AP assessment in rats

Pancreas tissues were fixed in 10% neutral buffered formaldehyde for >24 h at room temperature. Tissue samples were embedded in paraffin blocks and sliced into 5 µm sections for hematoxylin and eosin (H&E) staining (hematoxylin, 5 min at room temperature and eosin, 3 min at room temperature). Histological analysis was performed using a light microscope (magnification, ×400).

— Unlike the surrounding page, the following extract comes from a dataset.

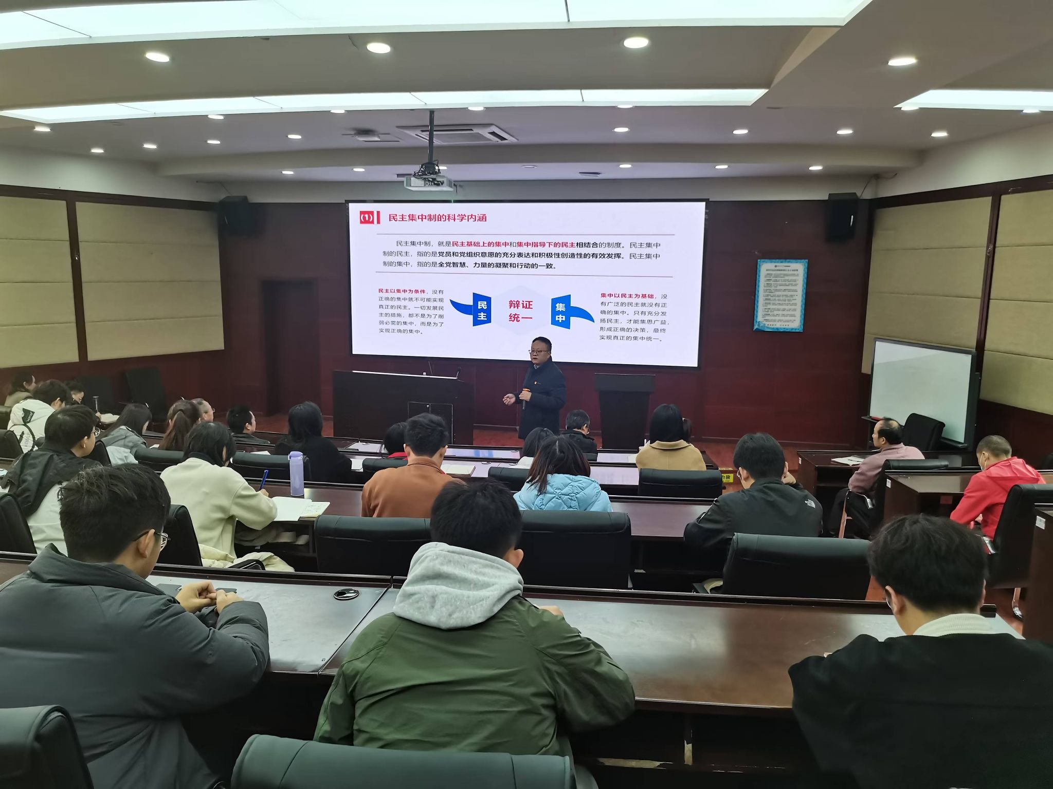党委在零号楼J0228教室开展党委书记讲党课活动,本次专题党课由学院党委书记郭强主讲,学院党委副书记晏理斌、师生党支部委员和党员代表近40人参加了本次党课。

Histological scoring of pancreatic tissue was performed to grade the severity and extent of acinar edema (0, no edema; 1, inter lobular edema; 2, intralobular edema; and 3, inter acinar edema), inflammation [0, no inflammation; 1, inflammatory cells in ducts; 2, inflammatory cells in the parenchyma (<50% of the lobules); and 3, inflammatory cells in the parenchyma (>50% of the lobules)] and finally acinar cell necrosis (0, no necrosis; 1, <5% necrosis; 2, 5–20% necrosis; and 3, 20–50% necrosis).

Bioinformatic analysis

Bioinformatic analysis predicted that PTEN was the potential target gene of miR-26a (http://www.targetscan.org). In detail, rat was selected as species in the first search box and miR-26a-5p was put into the microRNA name search box. PTEN was found in the table of results.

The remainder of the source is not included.